Nicole dijo que no moviendo lentamente la cabeza.
-No quiero entrar en temas íntimos -explicó O'Malley-, pero un hombre de su edad.
-Mi marido era mucho mayor que yo -dijo con voz monótona-, pero nunca tuvimos ese tipo de
problemas.
-¿Tomaba medicinas de hierbas o suplementos nutricionales?
-Creo que sí. Sí. Estaba tomando una especie de suplemento. Decían que le ayudaría a prevenir
el alzhéimer. -Después de hacer una pausa añadió-: Su padre tenía alzhéimer y le preocupaba
poder tenerlo también.
-La mayoría de los suplementos no funcionan -dijo O'Malley-. Algunos pueden ser incluso
peligrosos. ¿Dónde los compraba?
-Un amigo suyo le dio un bote en Las Vegas, justo después de casarnos.
-Revisaré el botiquín -dijo O'Malley-. ¿Recuerda si su marido dijo algo al final? ¿Alguna última
palabra?
Nicole cerró los ojos intentando recordar aquellos terribles momentos finales.
-No -murmuró por fin.
-¿Había algo que le preocupase? ¿Algún problema en especial, tensión, estrés?
-No que yo sepa.
O'Malley parecía estar evitando el tema, como si estuviese intentando sacar información sin ir
directo al grano y preguntarle qué había ocurrido exactamente durante esos últimos y sudorosos
momentos en la cama. ¿Entendería la historia enrevesada que llevó a la muerte a un hombre cuyo
único delito había sido enamorarse de ella? ¿Comprendería alguien por qué maldecía los
hechizos físicos que provocaban tanta sed en los ojos de los hombres? Porque sabía que, en
última instancia, eso fue lo que había matado a Paul. Un hombre solitario y más mayor había
rescatado a una encantadora joven de la pesadilla en la que se había convertido su vida para caer
víctima de las pasiones eróticas que su cuerpo despertaba en él. Las mismas cosas que le habían
atraído de ella habían acabado con él.
-¿Tiene la sensación de que pudiese estar ocultándole algo? -preguntó O'Malley.
Nicole abrió los ojos de repente. Qué pregunta tan extraña.
-¿A qué se refiere? -preguntó.
De repente sospechaba de este hombre que estaba tan cerca de ella. Demasiado cerca, pensó.
Podía oler el dulzor del chicle en su aliento, ver las marcas delgadas y oscuras en sus rubicundas
mejillas irlandesas.
-A veces los hombres tienen problemas -dijo rápidamente O'Malley-, cosas con las que no
quieren preocupar a sus esposas. Lo mantienen en secreto. Se lo guardan dentro. Eso no es sano.
-Paul no era así -respondió ella-. No me ocultaba ningún secreto.

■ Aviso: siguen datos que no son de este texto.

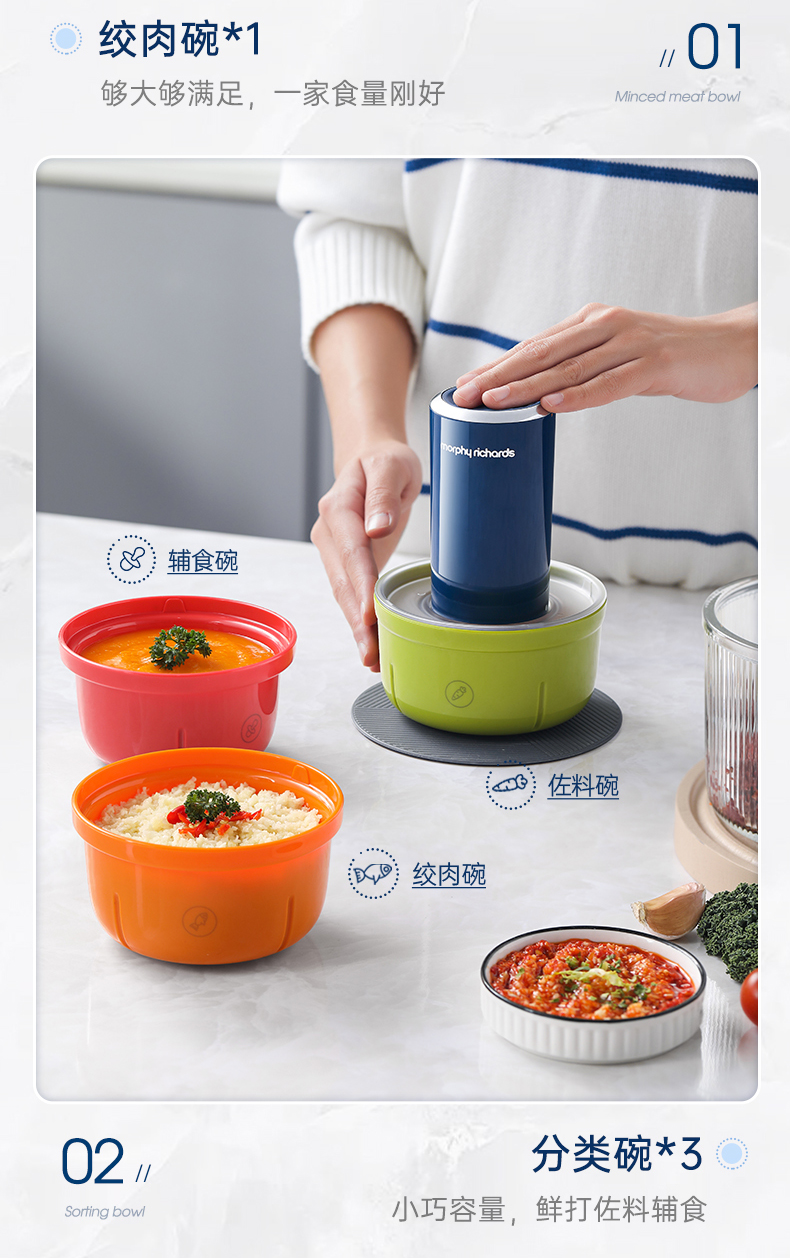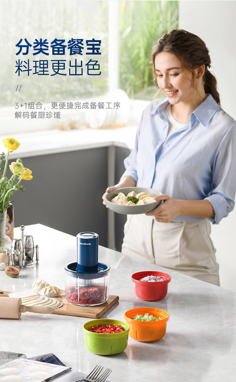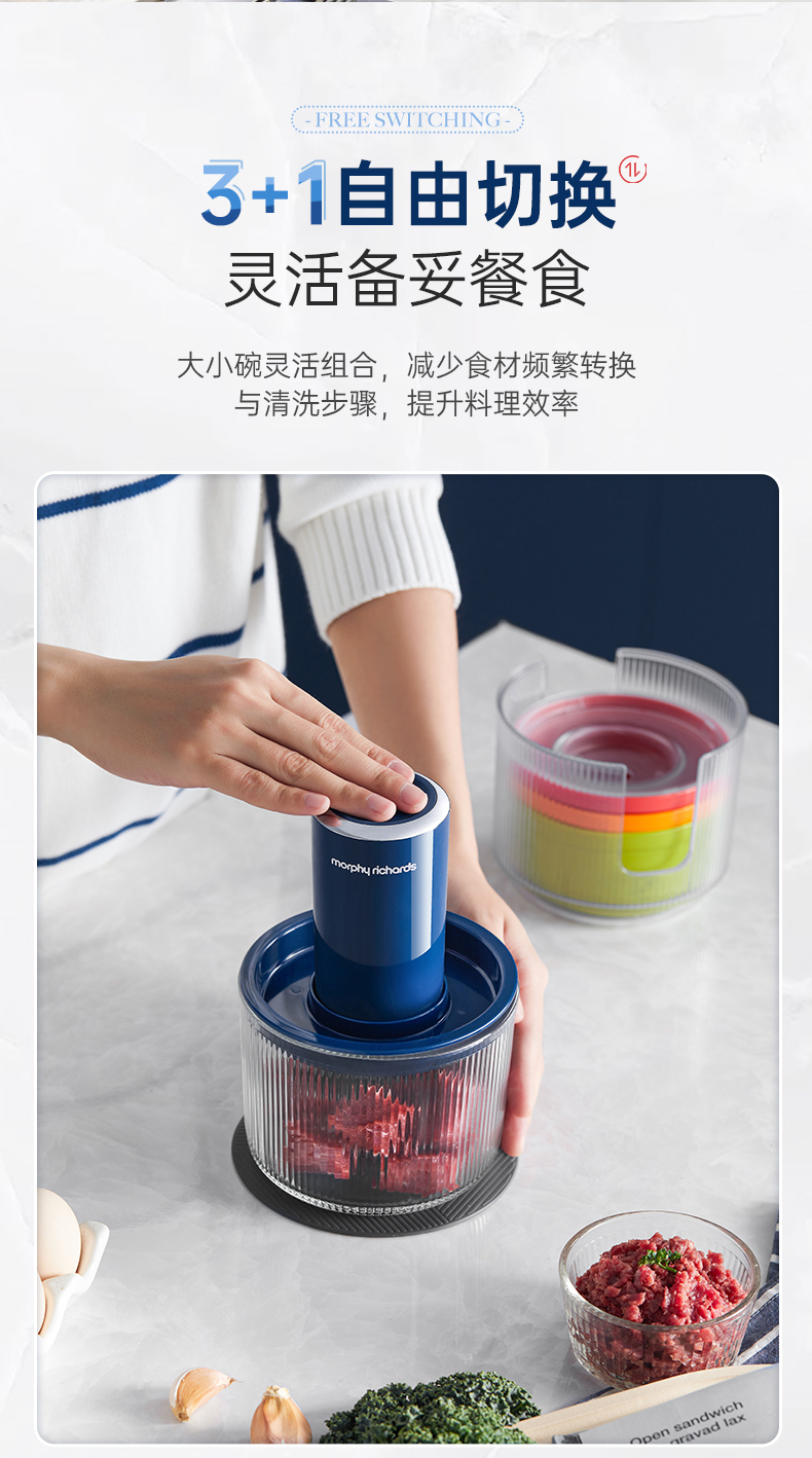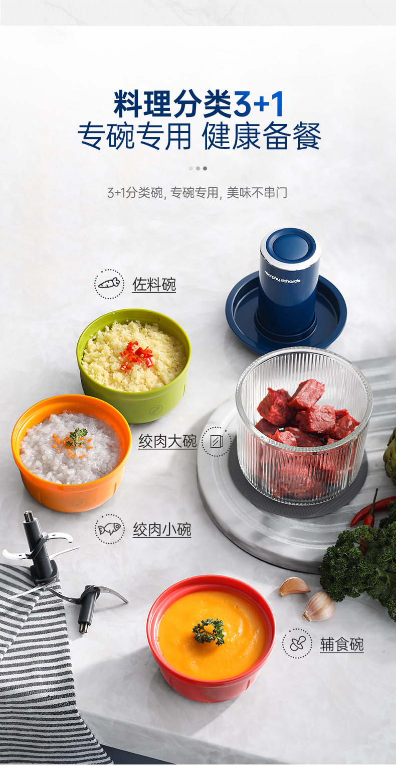 | 特色功能 | 1、四碗标配,健康分类;2、套娃设计,整机收纳;3、双刀配置,专配专用; 4、强劲动力,出料细腻;5、点动按压,随时掌控粗细; 6、透明玻璃碗,绞肉一目了然。 |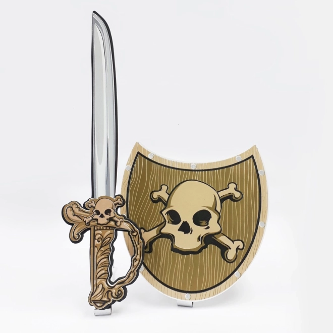 Transformați joaca de zi cu zi într-o aventură pirat. Setul include o sabie ușoară din spumă și un scut cu motiv de pirat, concepute pentru a fi blânde și sigure pentru mâinile copiilor. Se potrivește perfect ca accesoriu pentru costume la carnaval, petreceri sau evenimente tematice.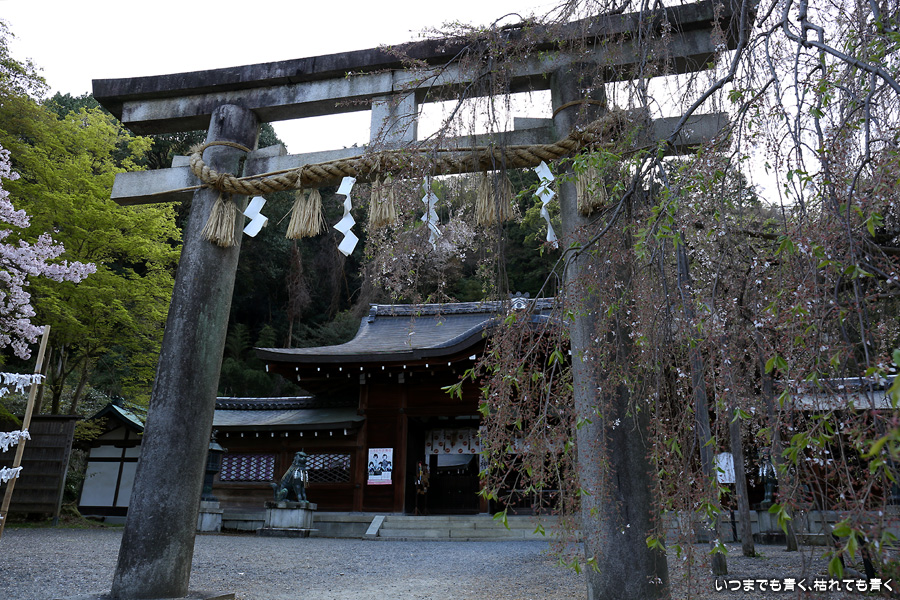 昨年雨だった大石神社に、帰り際に立ち寄りました。16時を過ぎて社務所も締まっていましたが、中から女性が出てこられたので御朱印をお願いしてみたら快く対応していただけました。今年はしだれ桜は早くてもう散ってしまったというお話もしていただけました。お話通り、本堂前のしだれ桜は少し花が残っているものの、遠目にはもう葉桜でした。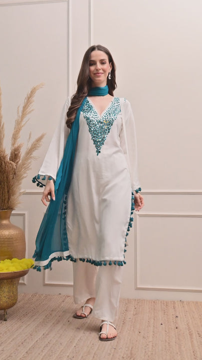 Description:- Straight shirt with beautiful hand embroidered neckline with real mirrors and beautiful tassels on the edges of the shirt paired with pants and contrast dupatta tha has beautiful tassels border all over the dupatta.Along with potli with real mirror and beautiful tassels on it.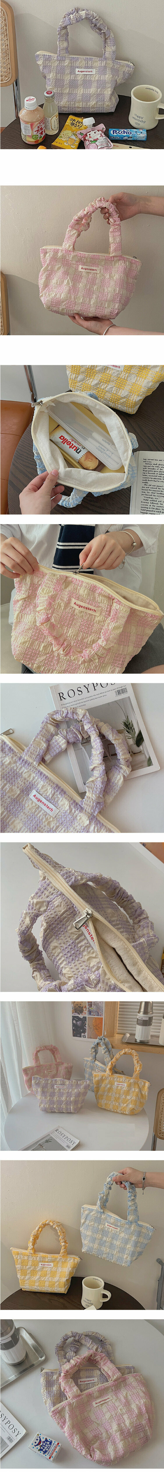 新款大容量手提飯盒包(薄荷藍格紋)

Paul Danilovitch no era un hombre sofisticado, no como la mayoría de los hombres a los que
había conocido. Tampoco era guapo. Pero estaba emocionado por tener a Nicole como esposa y
a veces lo veía mirándola con ojos de cordero degollado, como si no se creyese que ella le
perteneciese. Hasta que la muerte nos separe, pensó ella. Miró a través de la puerta por encima
del hombro de O'Malley y vio a los auxiliares de la morgue levantando el cuerpo sin vida de Paul
de la cama. Se le llenaron los ojos de lágrimas. Se mordió el labio inferior para evitar que le
temblase la mandíbula.
Sabía lo que estaban pensando los de la morgue por su manera de mirarla, como unos chiquillos
que esperan ver de repente un trozo de pecho o de muslo.
Probablemente se preguntaban qué trucos sexuales debería estar practicando con su marido en
aquella cama. Por su edad, el hombre podría ser su padre y había muerto entre sus piernas solo
cuatro semanas después de la boda. Podía imaginarse las imágenes pornográficas que se les
estaban pasando por la cabeza. Al diablo con ellos, pensó.
-Probablemente fue el corazón -dijo O'Malley, pasando a una técnica más compasiva-. Intentaré
ser lo más discreto posible. No es necesario que toda la ciudad conozca los detalles.
-Se lo agradecería -dijo Nicole.
Pero sabía que no había forma de evitar que se supiesen los detalles. No en el enclave étnico
restringido de Middle Valley, donde una historia como esta sería alegremente transmitida de
boca en boca y exagerada cada vez que se contase.
Aunque, como ocurre en la mayoría de las ciudades estadounidenses, en Middle Valley estaban
representadas varias nacionalidades y el alma de esta pequeña ciudad, situada en las montañas
del noreste de Pensilvania, era claramente rusa. Su mayor crecimiento de población se produjo
cuando la gran oleada de rusos blancos aterrorizados huyó de la revolución de 1917.